- **DATA FOR THIS EXERCISE**
*** Block opens ***

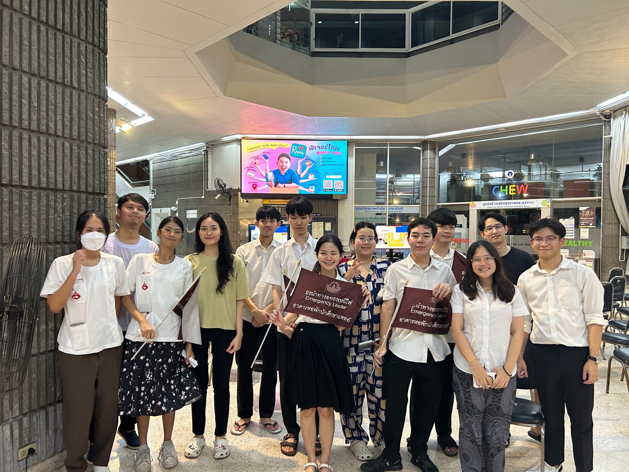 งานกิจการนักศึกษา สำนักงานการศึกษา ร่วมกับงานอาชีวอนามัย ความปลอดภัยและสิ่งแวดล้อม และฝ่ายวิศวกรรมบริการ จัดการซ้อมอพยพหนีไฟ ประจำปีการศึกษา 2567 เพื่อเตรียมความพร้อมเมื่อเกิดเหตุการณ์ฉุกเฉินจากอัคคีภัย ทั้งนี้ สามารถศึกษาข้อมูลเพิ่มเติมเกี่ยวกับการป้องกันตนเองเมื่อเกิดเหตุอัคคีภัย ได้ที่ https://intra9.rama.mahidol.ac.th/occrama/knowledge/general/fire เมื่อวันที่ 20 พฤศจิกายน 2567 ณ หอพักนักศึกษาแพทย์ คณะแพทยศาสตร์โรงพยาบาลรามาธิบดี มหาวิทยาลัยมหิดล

*** Block closes ***
*** Block opens ***

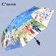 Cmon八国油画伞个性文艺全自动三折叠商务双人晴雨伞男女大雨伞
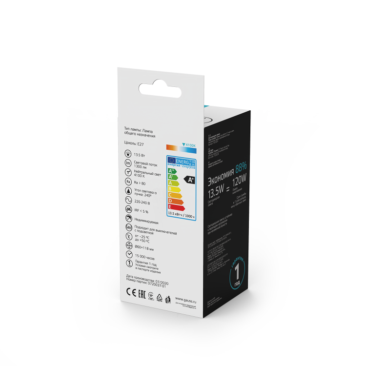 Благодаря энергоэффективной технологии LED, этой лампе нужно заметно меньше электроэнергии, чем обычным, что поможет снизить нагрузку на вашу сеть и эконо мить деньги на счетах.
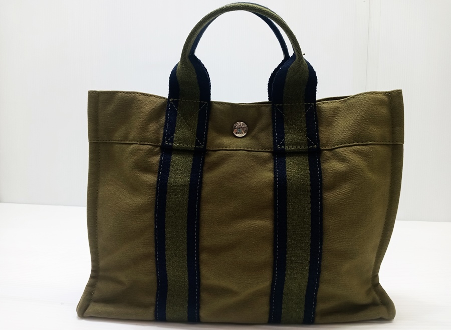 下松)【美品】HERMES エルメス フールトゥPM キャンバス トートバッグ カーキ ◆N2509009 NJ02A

*** Block closes ***
*** Block opens ***

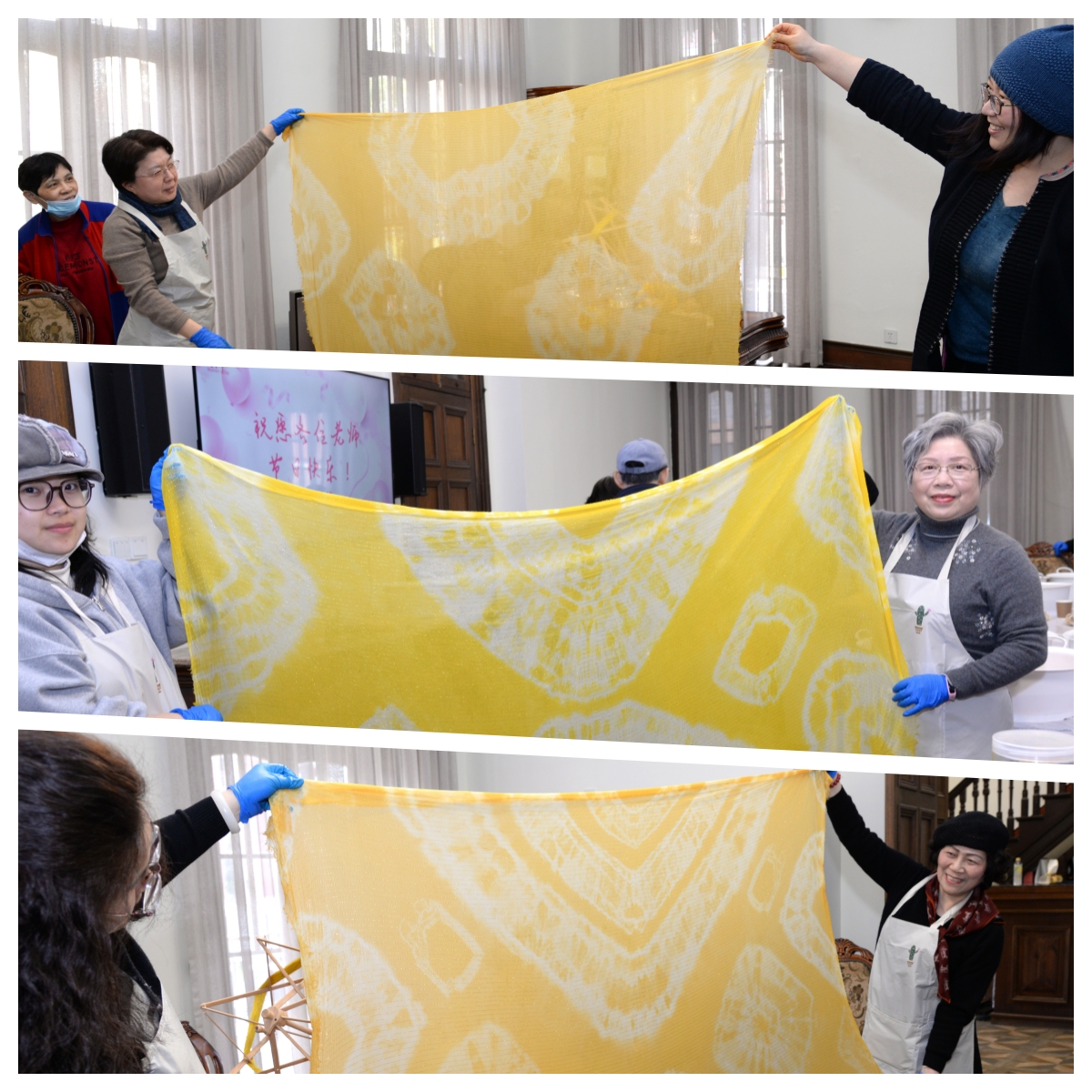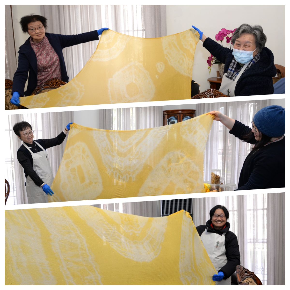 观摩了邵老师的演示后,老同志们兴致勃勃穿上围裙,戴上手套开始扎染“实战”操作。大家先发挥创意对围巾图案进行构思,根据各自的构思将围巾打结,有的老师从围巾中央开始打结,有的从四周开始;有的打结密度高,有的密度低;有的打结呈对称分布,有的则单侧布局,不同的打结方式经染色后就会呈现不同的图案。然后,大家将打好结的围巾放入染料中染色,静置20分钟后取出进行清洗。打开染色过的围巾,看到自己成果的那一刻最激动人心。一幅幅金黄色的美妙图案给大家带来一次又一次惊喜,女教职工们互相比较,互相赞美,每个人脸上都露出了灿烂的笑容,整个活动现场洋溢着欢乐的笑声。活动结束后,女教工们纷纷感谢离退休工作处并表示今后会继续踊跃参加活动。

*** Block closes ***

- **TASK REQUIREMENTS**
Reproduce the records above exactly, but only from the line with "Благодаря энергоэффективной технологии" up to and including the line with "下松)【美品】HERMES エルメス フールトゥPM". Leave the pictures out.

- **EXERCISE OUTPUT**
 Благодаря энергоэффективной технологии LED, этой лампе нужно заметно меньше электроэнергии, чем обычным, что поможет снизить нагрузку на вашу сеть и эконо мить деньги на счетах.
 下松)【美品】HERMES エルメス フールトゥPM キャンバス トートバッグ カーキ ◆N2509009 NJ02A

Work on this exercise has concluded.